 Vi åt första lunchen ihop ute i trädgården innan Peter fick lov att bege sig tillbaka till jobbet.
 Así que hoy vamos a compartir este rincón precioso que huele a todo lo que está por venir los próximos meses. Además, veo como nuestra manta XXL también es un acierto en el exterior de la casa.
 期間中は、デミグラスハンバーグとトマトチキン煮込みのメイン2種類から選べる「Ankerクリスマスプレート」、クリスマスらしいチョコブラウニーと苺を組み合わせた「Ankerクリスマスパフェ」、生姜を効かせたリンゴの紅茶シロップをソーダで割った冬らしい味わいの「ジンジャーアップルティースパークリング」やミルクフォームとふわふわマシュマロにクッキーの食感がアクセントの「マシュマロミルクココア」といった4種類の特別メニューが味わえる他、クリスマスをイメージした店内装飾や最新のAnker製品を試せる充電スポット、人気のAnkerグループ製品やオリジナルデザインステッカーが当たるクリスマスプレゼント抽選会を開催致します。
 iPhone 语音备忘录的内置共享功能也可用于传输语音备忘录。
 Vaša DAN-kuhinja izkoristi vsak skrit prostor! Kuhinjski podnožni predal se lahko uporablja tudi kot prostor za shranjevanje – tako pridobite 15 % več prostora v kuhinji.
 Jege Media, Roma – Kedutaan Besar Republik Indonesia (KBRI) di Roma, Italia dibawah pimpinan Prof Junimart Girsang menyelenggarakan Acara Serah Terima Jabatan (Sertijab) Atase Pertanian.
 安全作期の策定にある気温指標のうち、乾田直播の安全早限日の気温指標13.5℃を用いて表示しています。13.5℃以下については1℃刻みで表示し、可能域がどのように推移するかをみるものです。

################

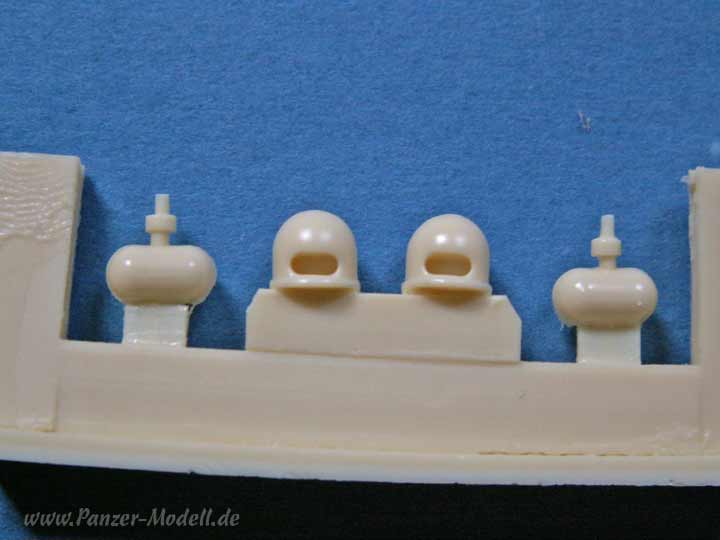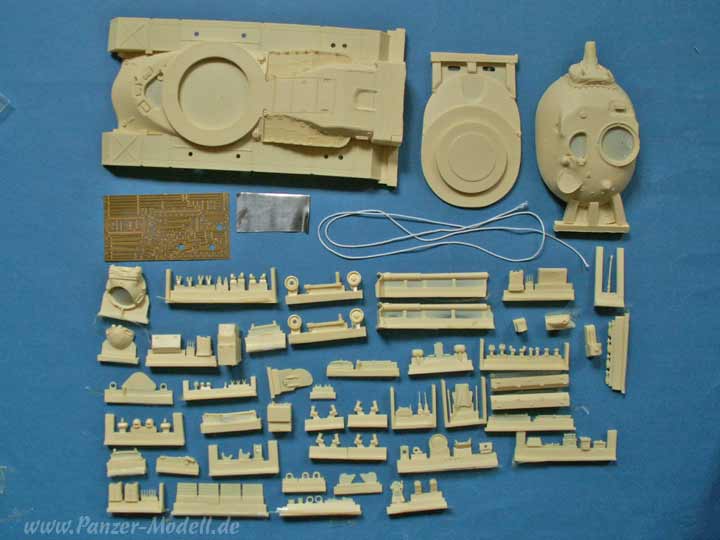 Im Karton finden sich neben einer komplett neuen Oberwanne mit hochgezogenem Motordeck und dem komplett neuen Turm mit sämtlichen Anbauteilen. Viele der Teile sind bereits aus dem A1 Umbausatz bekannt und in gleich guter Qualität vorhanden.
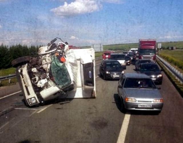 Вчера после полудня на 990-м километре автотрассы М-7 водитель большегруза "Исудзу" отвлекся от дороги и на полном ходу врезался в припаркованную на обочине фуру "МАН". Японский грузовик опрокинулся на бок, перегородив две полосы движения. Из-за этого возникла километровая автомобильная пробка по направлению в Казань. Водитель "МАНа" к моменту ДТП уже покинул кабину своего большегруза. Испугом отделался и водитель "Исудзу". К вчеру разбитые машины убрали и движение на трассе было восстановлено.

################

Work required >>
Retype only the lines above between the line with "Vi åt första" and the line with "安全作期の策定にある気温指標", counting those two lines as well, and keep every character as it is.

Exercise solution >>
 Vi åt första lunchen ihop ute i trädgården innan Peter fick lov att bege sig tillbaka till jobbet.
 Así que hoy vamos a compartir este rincón precioso que huele a todo lo que está por venir los próximos meses. Además, veo como nuestra manta XXL también es un acierto en el exterior de la casa.
 期間中は、デミグラスハンバーグとトマトチキン煮込みのメイン2種類から選べる「Ankerクリスマスプレート」、クリスマスらしいチョコブラウニーと苺を組み合わせた「Ankerクリスマスパフェ」、生姜を効かせたリンゴの紅茶シロップをソーダで割った冬らしい味わいの「ジンジャーアップルティースパークリング」やミルクフォームとふわふわマシュマロにクッキーの食感がアクセントの「マシュマロミルクココア」といった4種類の特別メニューが味わえる他、クリスマスをイメージした店内装飾や最新のAnker製品を試せる充電スポット、人気のAnkerグループ製品やオリジナルデザインステッカーが当たるクリスマスプレゼント抽選会を開催致します。
 iPhone 语音备忘录的内置共享功能也可用于传输语音备忘录。
 Vaša DAN-kuhinja izkoristi vsak skrit prostor! Kuhinjski podnožni predal se lahko uporablja tudi kot prostor za shranjevanje – tako pridobite 15 % več prostora v kuhinji.
 Jege Media, Roma – Kedutaan Besar Republik Indonesia (KBRI) di Roma, Italia dibawah pimpinan Prof Junimart Girsang menyelenggarakan Acara Serah Terima Jabatan (Sertijab) Atase Pertanian.
 安全作期の策定にある気温指標のうち、乾田直播の安全早限日の気温指標13.5℃を用いて表示しています。13.5℃以下については1℃刻みで表示し、可能域がどのように推移するかをみるものです。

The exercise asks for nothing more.